Uterine Spindle Cell Sarcoma Presenting With Lower Gastrointestinal Bleeding: A Case Report
Ahmad Habbas, Ismail Althunibat, Shatha Elemian, Byron Okwesili, Abdul Aishat Abiola, Laith Sorour, Amro Al Radaideh, Andre Fedida

TL;DR
A rare case of uterine spindle cell sarcoma presented as lower gastrointestinal bleeding in an elderly woman, highlighting unusual symptoms of this aggressive cancer.
Contribution
This case report adds to the limited literature on uterine spindle cell sarcoma presenting with atypical gastrointestinal symptoms.
Findings
A 79-year-old woman presented with lower GI bleeding, constipation, and weight loss due to uterine spindle cell sarcoma.
Colonoscopy revealed an ulcerated mass in the sigmoid colon, confirmed as high-grade spindle cell sarcoma via biopsy.

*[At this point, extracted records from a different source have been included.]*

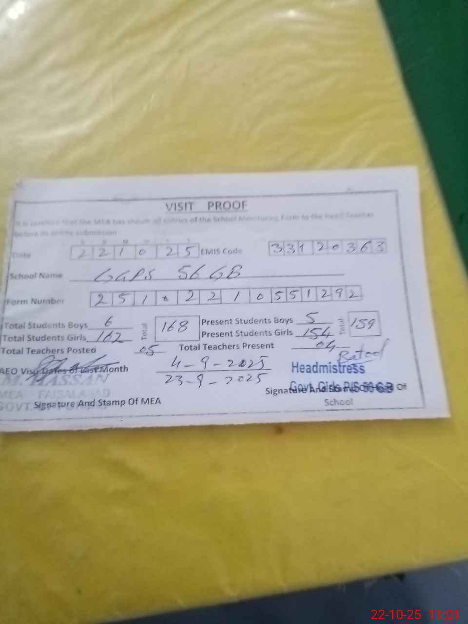 | EMIS Code: 33120363 | Name of School: GGPS CHAK 56 GB JARANWALA | |||
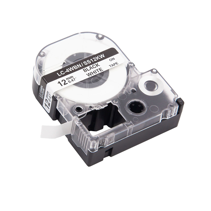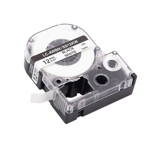 Cinta Epson Lk-4wbn Lc-4wbn ss12kw 12mm x 9mts. Compatible Nuevo, cuenta con un proceso de cinta laminada exclusiva y adhesivo de alta calidad, te ofrece calidad de impresión en color Negro sobre Blanco nítido y radiante.
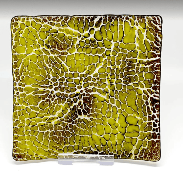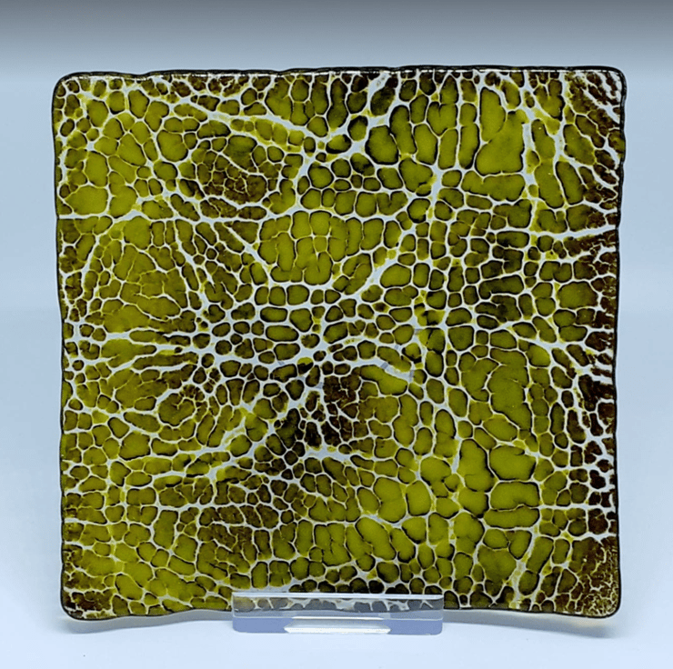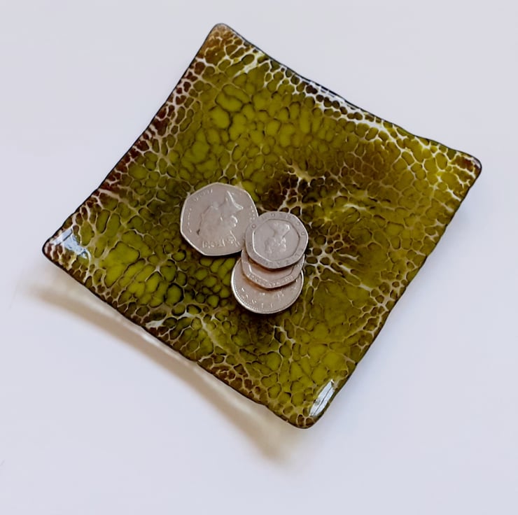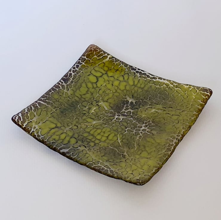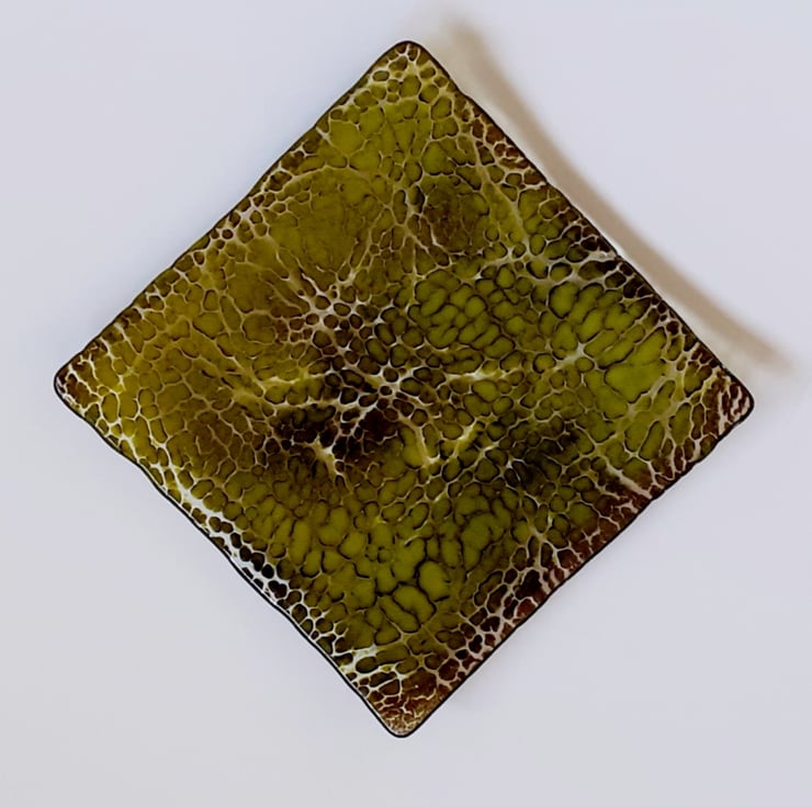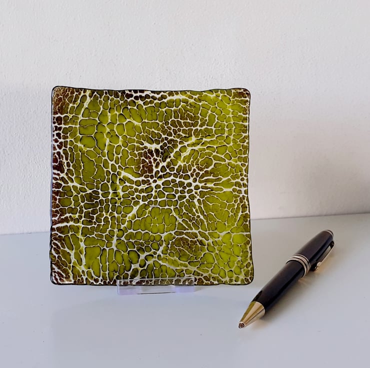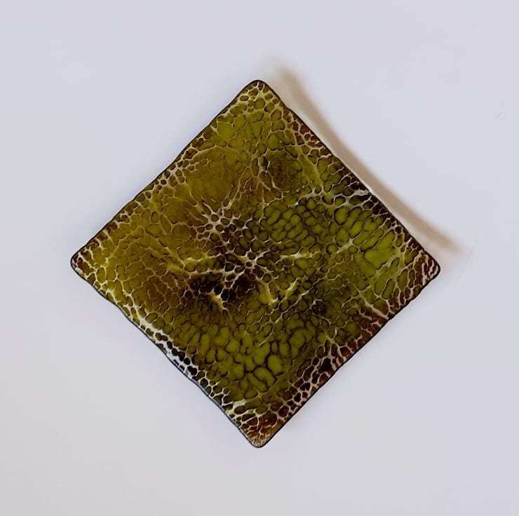 This is a little (10.5cm) square shallow dish, made using the crackle technique. The crackle effect is achieved by manipulating layers of dark brown and lime green coloured glass powders which are then fused onto a base layer of clear glass. The powders have mingled together and embedded into the base to give a lovely dappled snakeskin effect and the surface is smooth and shiny.
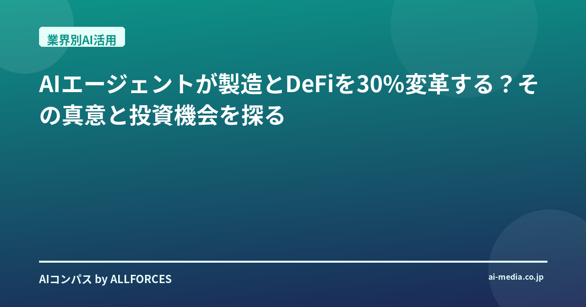 AIエージェントが製造とDeFiを30%変革する?その真意と投資機会を探る
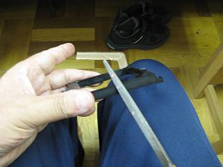 クーラーの留め具を加工。まずは薄い状態でも挟めるように、表面を削って平らに。
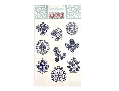 Obtlačky na klasické zdobenie vajec v dizajne motívov modrotlače. Tradičné motívy a klasické použitie s máčaním vo vode a prenesením motívu na varené vajcia. Balenie obsahuje 9 obtlačkov. Farba: modrá.
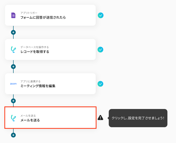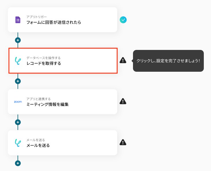 - Googleフォームのトリガー設定、データベースとZoom、メールのアクション設定
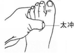 取穴:太冲穴位于足背大脚趾与第二足趾之间;
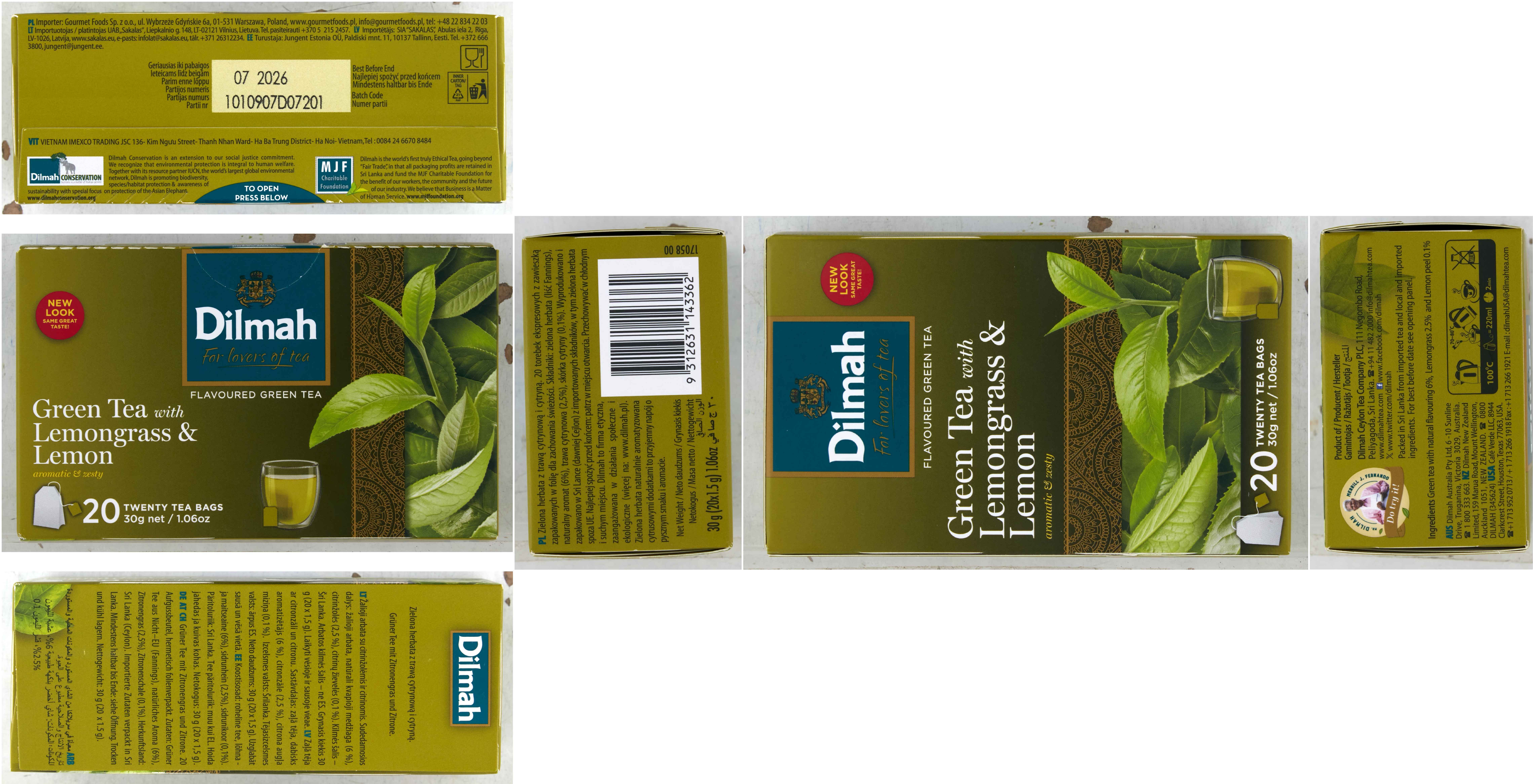 Dilmah zielona herbata z trawą cytrynową i aromatem cytryny 30 g
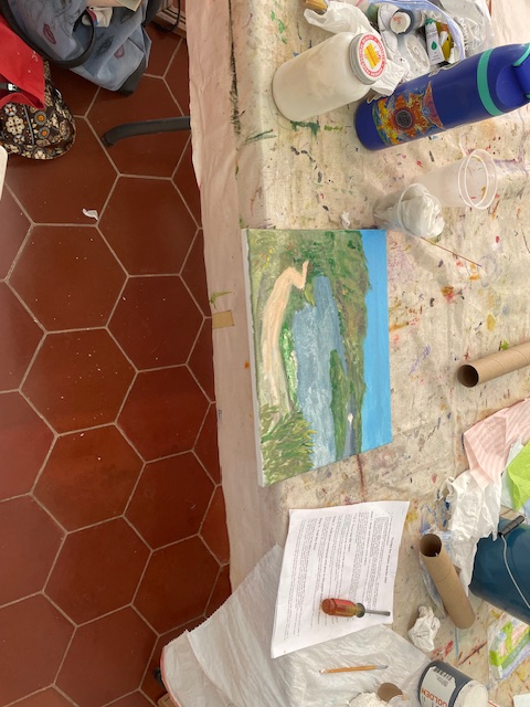 Ray working on a drawing since she finished Miss Piggy! Jody didn’t have a coconut base so was playing around with a flat piece. Jackie working on a landscape while her elephant dries more!
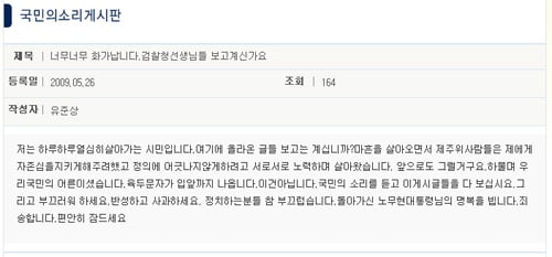 마지막으로 "돌아가신 노무현 대통령의 명복을 빕니다. 죄송합니다. 편안히 잠드세요"라고 애도했다.
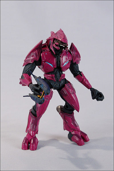 This file is an image of an action figure from the Halo series of video games developed by Bungie Studios, 343 Industries, or Ensemble Studios and published by Microsoft. It falls under the screenshot category for a copyrighted computer game or video game, and the copyright for it is most likely held by the company that developed the game. It is believed that the use of a limited number of web-resolution screenshots:

The mass was unresectable, leading to chemotherapy as the primary treatment.
Abstract
This case report presents a rare clinical manifestation of uterine spindle cell sarcoma, an aggressive and uncommon malignancy, in a 79-year-old female patient. The patient presented with lower gastrointestinal (GI) bleeding, constipation, and significant weight loss. Colonoscopy identified an infiltrative, ulcerated mass within the sigmoid colon, later confirmed by biopsy as a high-grade spindle cell sarcoma of uterine origin. Given the unresectable status of the mass, chemotherapy was initiated as the primary treatment. This report discusses the diagnostic challenges and highlights the importance of considering atypical presentations in patients with lower GI bleeding and weight loss.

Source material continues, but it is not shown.